(Dataset items)
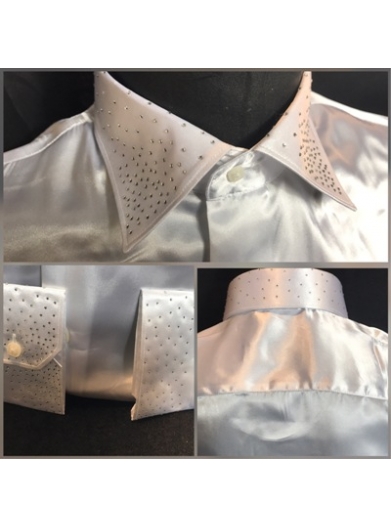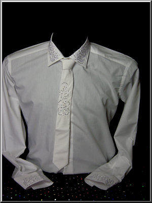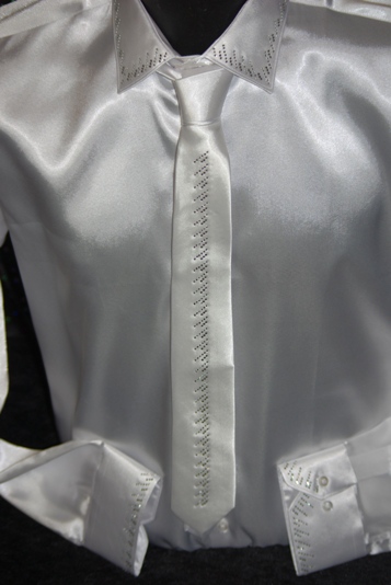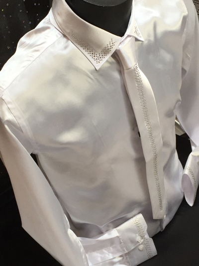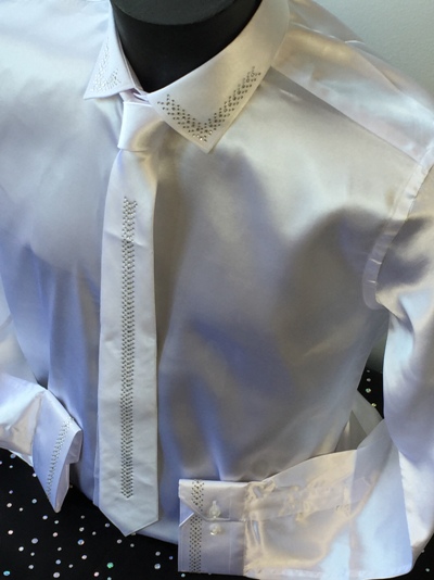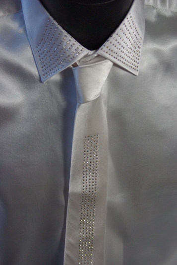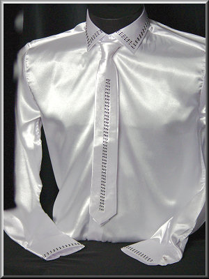 There is no limit to the creativity of this awesome diamante long sleeves shirt with matching tie in white, made in soft satin fabric, it looks great with sparkly rhinestones on the collar cuffs and also on the matching tie, the shirt & tie is an even more eye-catching design with a sparkly finish.
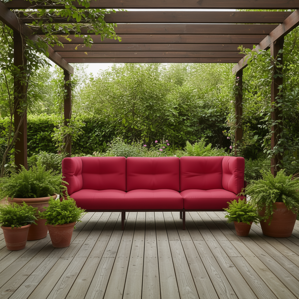 ชุดหมอนอิงกลางแจ้งสีแดง 3 ชิ้น ผ้าโพลีเอสเตอร์ 100% กันน้ำ หมอนอิงทรงสี่เหลี่ยมผืนผ้าสำหรับเฟอร์นิเจอร์ลานบ้าน ใช้ได้ทุกฤดู
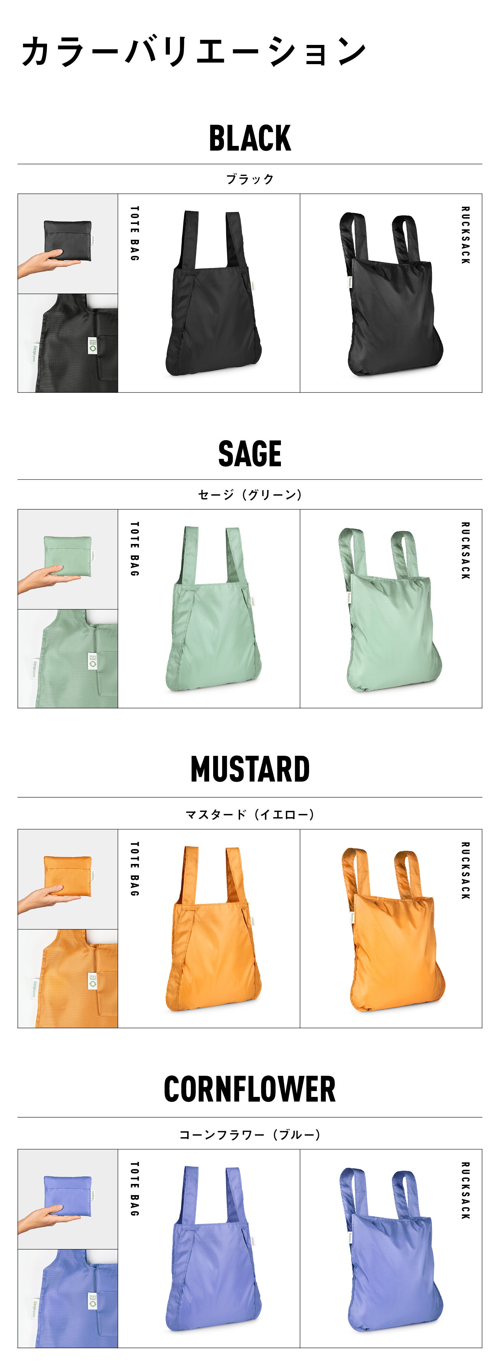Notabag Recycledコレクションは以下の美しい4色で展開されており、それぞれが、私たちの選択が持つ力を思い出させてくれます。
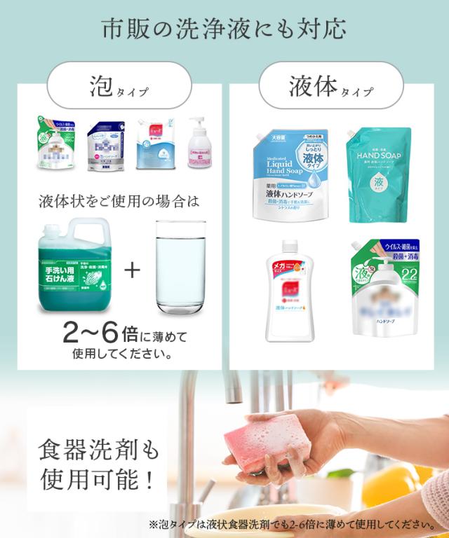 泡だけでなく液体洗剤にも対応し、用途に合わせてもっと便利に使えます!
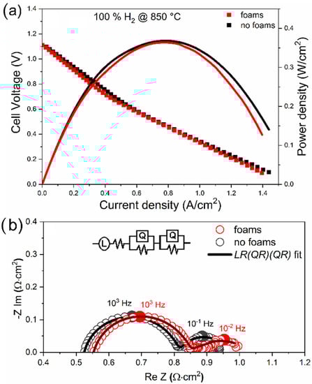 (a) I–V and power density curves of the SOFC apparatus tested at 850 °C in dry hydrogen, with (red) and without (black) the structured catalysts; (b) Nyquist plot with EIS data recorded at open circuit for the cells tested in (a). Data were fitted with an equivalent LR(QR)(QR) circuit, which is depicted in the upper part of the panel.
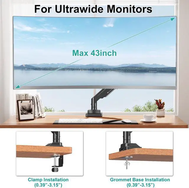 Ultrawide Monitor Mount - Our heavy duty monitor arm is engineered with sturdy construction and a premium gas spring, ensuring longevity while providing safety and stability for your setup. It is suitable for flat or curved screens ranging from 13" to 43", supporting monitor weights between 2.2 to 33.1 lbs with VESA patterns of 75x75 or 100x100mm. Compatible with brands such as Dell, Samsung, LG, Acer, ASUS, HP, MSI, Sceptre, etc., it includes but is not limited to monitors sized 43", 42", 39", 38", 35", 34", 32", 27", 24", 22" display.
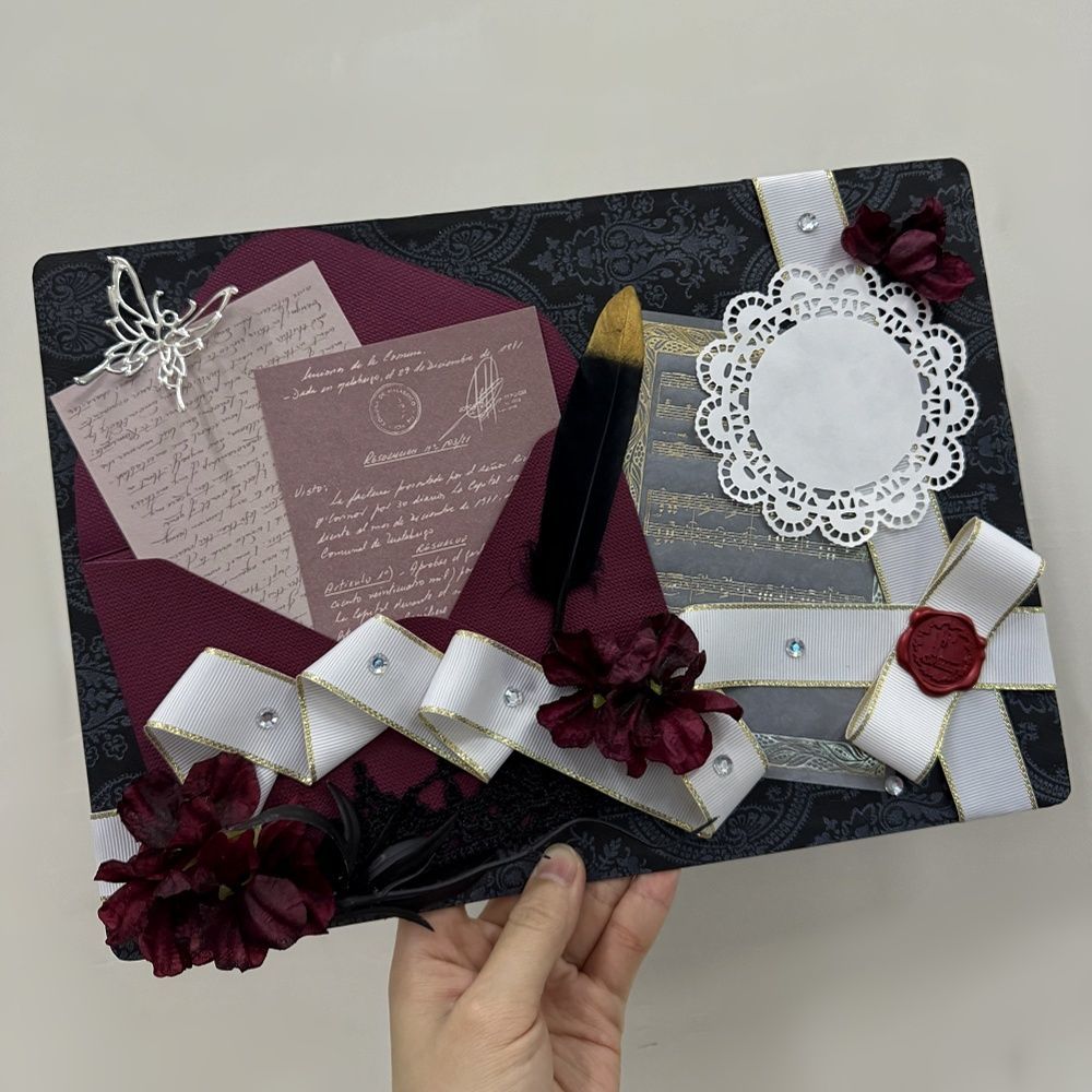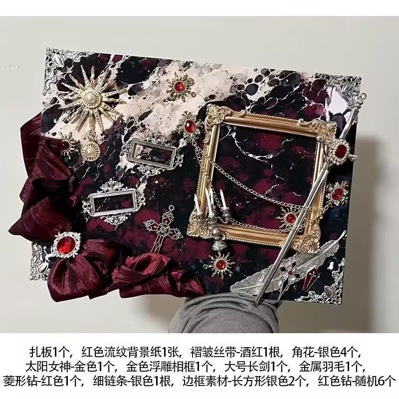痛包diy材料黑红色系全套送扎板信封扎板痛板哥特酒红色背景扎包
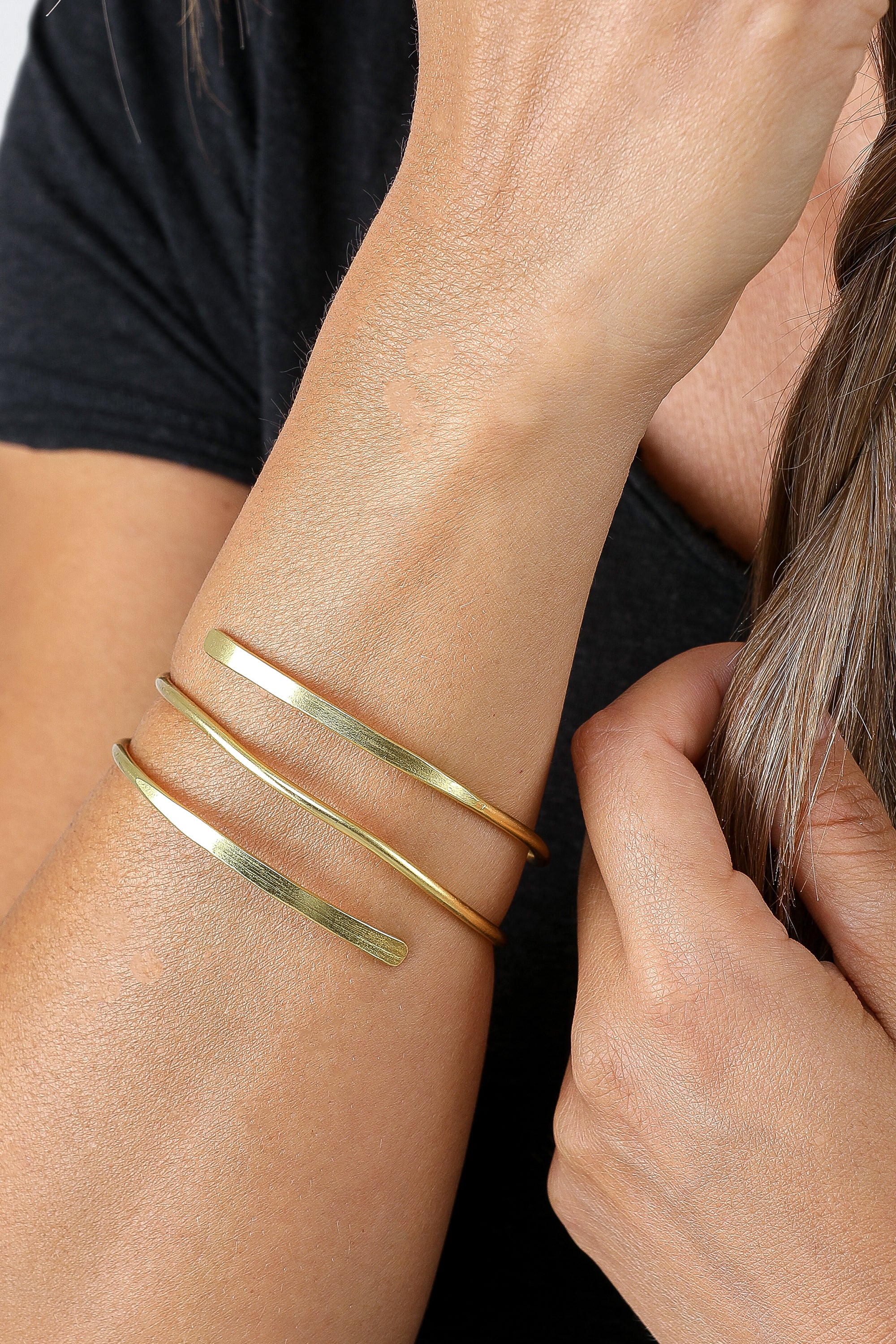 Bangle a spirale: due giri fluidi che disegnano il polso con un segno moderno e femminile. Apertura frontale per indossarlo facilmente; leggerezza e comfort assicurati. Realizzato a mano in ottone riciclato. Nickel tested. Lavorazione artigianale. Gioielli fatti a mano, unici e artigianali, perfetti per tutti i tuoi look o come idea regalo.
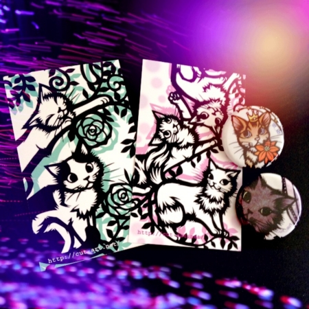 メッセージカードとウチの子に似てる缶バッチ。

Exercise description -
Please set down, exactly and with nothing added, the lines from the line with "Notabag Recycl" to the end of the entries above, omitting pictures.

Task response -
Notabag Recycledコレクションは以下の美しい4色で展開されており、それぞれが、私たちの選択が持つ力を思い出させてくれます。
 泡だけでなく液体洗剤にも対応し、用途に合わせてもっと便利に使えます!
 (a) I–V and power density curves of the SOFC apparatus tested at 850 °C in dry hydrogen, with (red) and without (black) the structured catalysts; (b) Nyquist plot with EIS data recorded at open circuit for the cells tested in (a). Data were fitted with an equivalent LR(QR)(QR) circuit, which is depicted in the upper part of the panel.
 Ultrawide Monitor Mount - Our heavy duty monitor arm is engineered with sturdy construction and a premium gas spring, ensuring longevity while providing safety and stability for your setup. It is suitable for flat or curved screens ranging from 13" to 43", supporting monitor weights between 2.2 to 33.1 lbs with VESA patterns of 75x75 or 100x100mm. Compatible with brands such as Dell, Samsung, LG, Acer, ASUS, HP, MSI, Sceptre, etc., it includes but is not limited to monitors sized 43", 42", 39", 38", 35", 34", 32", 27", 24", 22" display.
痛包diy材料黑红色系全套送扎板信封扎板痛板哥特酒红色背景扎包
 Bangle a spirale: due giri fluidi che disegnano il polso con un segno moderno e femminile. Apertura frontale per indossarlo facilmente; leggerezza e comfort assicurati. Realizzato a mano in ottone riciclato. Nickel tested. Lavorazione artigianale. Gioielli fatti a mano, unici e artigianali, perfetti per tutti i tuoi look o come idea regalo.
 メッセージカードとウチの子に似てる缶バッチ。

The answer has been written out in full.